Michael J. Fox and Christopher Lloyd in Back to the Future


It’s difficult to think of a more perfect crowd-pleaser than Back to the Future (which is why it’s on our best movies ever list). Robert Zemeckis’s ‘80s classic keeps its time travel simple, catapulting Michael J. Fox’s high-schooler back in time to the 1950s. A chance encounter with his own mother puts his own future existence in jeopardy, unless he can play match-maker and light the fuse on his parents’ romance.

Once you set aside the weirdness of a teenager batting away the romantic advances of his own mother, what’s left is an energetic blast of pure cinematic joy.
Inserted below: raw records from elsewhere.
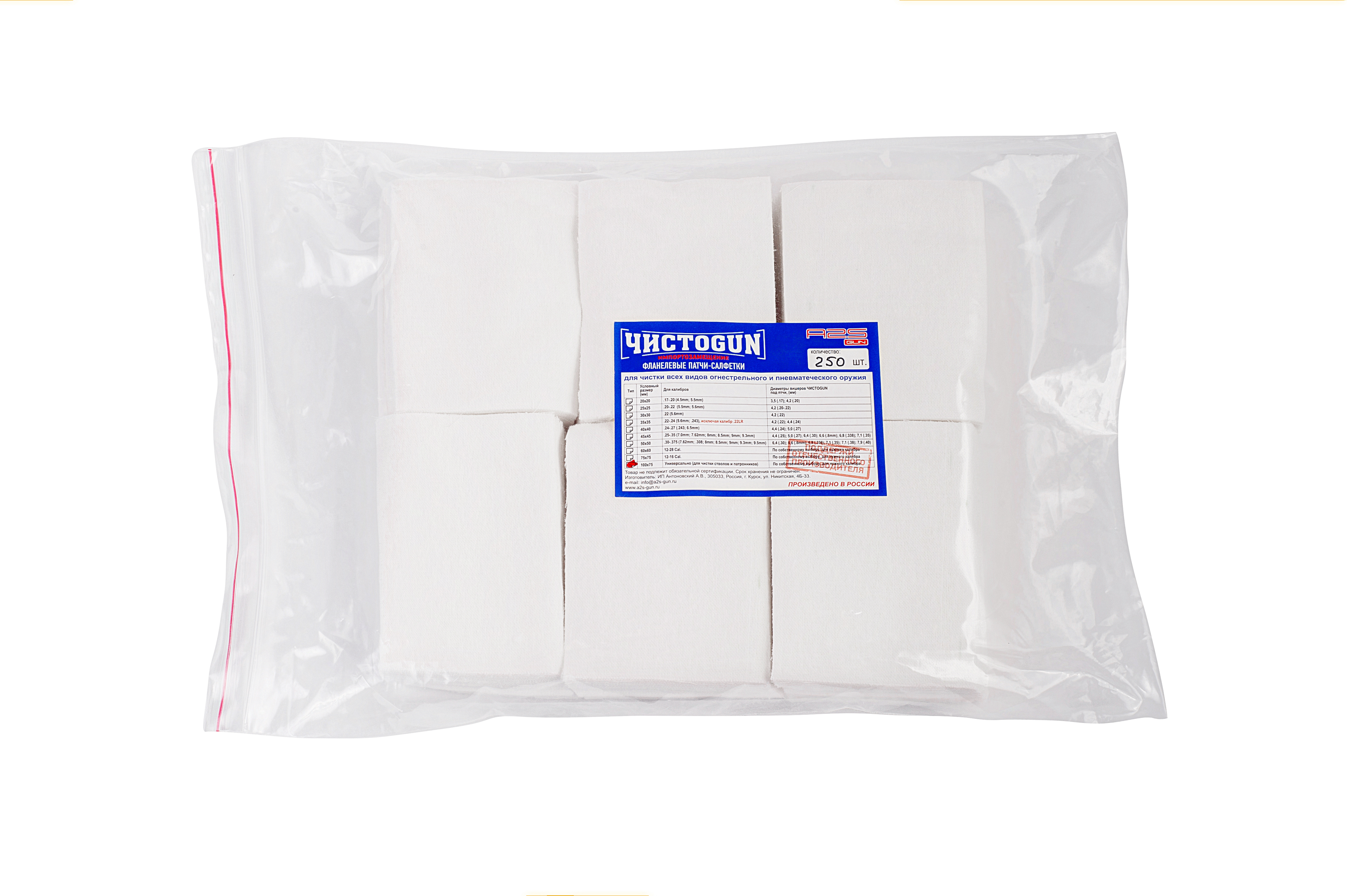 Патчи ЧИСТОGUN фланель, универсальный, прямоугольник 100х75 мм, 250 шт., белый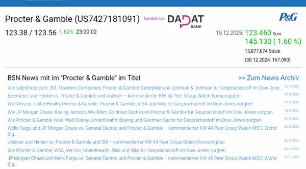 Procter & Gamble am 15.12. 1,60%, Volumen 169% normaler Tage
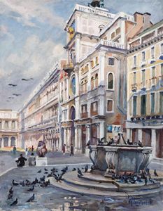 olio su tela, Largh. 50 - Alt. 60 cm 1986 firmato in basso a destra firmato e datato al retro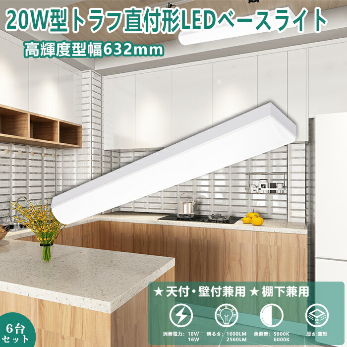 ■【6台】ledベースライト 20W型 2灯相当 逆富士 LED蛍光灯 器具一体型 一体型照明 天井直付型 一体型LED 直管蛍光灯 薄型 取付簡単 LED照明器具 直付 led蛍光灯 632mm 省エネ ベースライト キッチンライト 防震 防虫 天井用 LED施設照明 天井LED一体型 即納 あす楽 送料無料
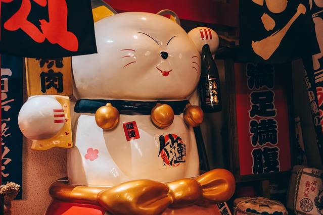 木质楼梯上二楼,各种半帘、招财猫充斥,日式小元素真的太可爱了。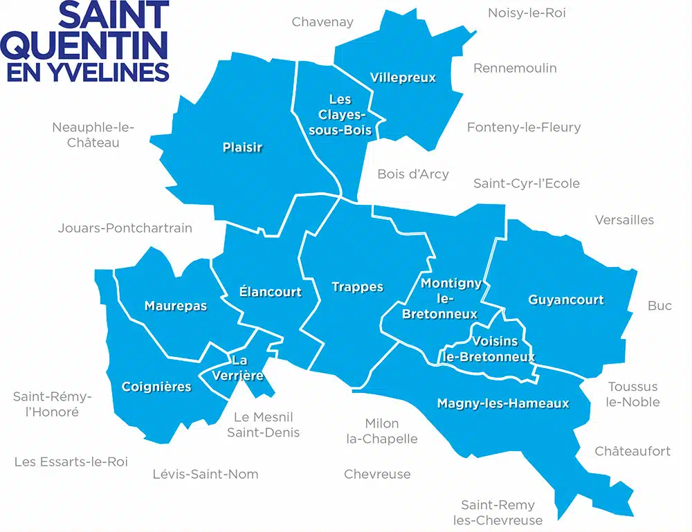 Montigny-le-Bretonneux, la ville voisine qui commence de l’autre côté de la rue où se trouve le campus voit en sein sein le siège :

It’s crazy to think Fox almost didn’t play the role, given how transparent it is that only he could’ve given Marty his unique, jittery charm. Zemeckis and co-writer Bob Gale keep the story stripped-down, allowing the characters and the comedy to really fly – or perhaps McFly. And McFly they do. Where they’re going, they don’t need roads.

Keanu Reeves and Alex Winter in Bill and Ted's Excellent Adventure


For any child or teenager of the 1980s, there’s no doubt a nostalgia factor to a film like Bill & Ted’s Excellent Adventure. Alex Winter and Keanu Reeves disappear entirely into the heightened, affected, dude-ism of Bill S. Preston and Ted “Theodore” Logan, delivering performances with joyful weirdness at their centre. They receive a visit from the future, facilitating a journey through time in which they recruit historical figures to help them with a school assignment.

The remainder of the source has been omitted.